> _DATA FOR REVIEW_

▼

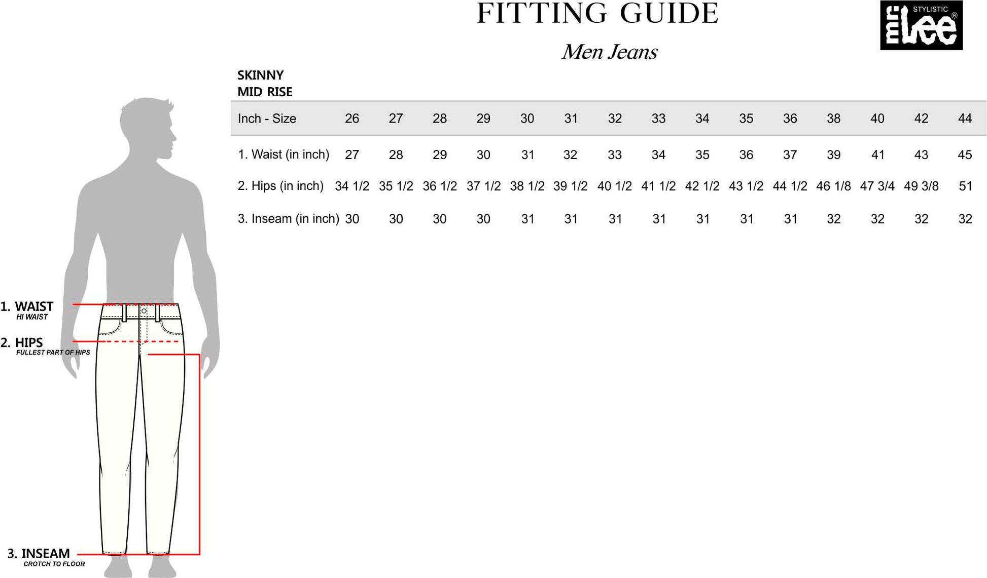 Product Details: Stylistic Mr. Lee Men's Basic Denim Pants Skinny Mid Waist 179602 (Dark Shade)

▲
▼

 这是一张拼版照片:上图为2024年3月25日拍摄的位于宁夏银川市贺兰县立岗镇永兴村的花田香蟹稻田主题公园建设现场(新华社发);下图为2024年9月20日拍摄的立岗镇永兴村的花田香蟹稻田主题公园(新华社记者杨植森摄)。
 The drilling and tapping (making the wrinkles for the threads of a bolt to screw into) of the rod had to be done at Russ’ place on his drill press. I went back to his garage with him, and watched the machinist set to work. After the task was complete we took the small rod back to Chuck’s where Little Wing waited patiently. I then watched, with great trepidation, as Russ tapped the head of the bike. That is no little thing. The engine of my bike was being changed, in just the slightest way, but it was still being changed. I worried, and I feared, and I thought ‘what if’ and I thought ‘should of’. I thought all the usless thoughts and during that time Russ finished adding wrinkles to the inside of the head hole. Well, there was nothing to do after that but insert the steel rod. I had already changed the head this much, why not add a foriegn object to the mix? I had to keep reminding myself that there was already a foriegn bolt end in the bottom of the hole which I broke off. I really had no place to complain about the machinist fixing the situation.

▲
▼

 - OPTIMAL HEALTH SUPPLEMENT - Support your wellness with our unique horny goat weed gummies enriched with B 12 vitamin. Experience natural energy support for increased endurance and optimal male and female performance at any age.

▲

> _EXERCISE_
Report the count of lines in the listing above that include "with", and nothing more.

> _ANSWER FOR THIS EXERCISE_
2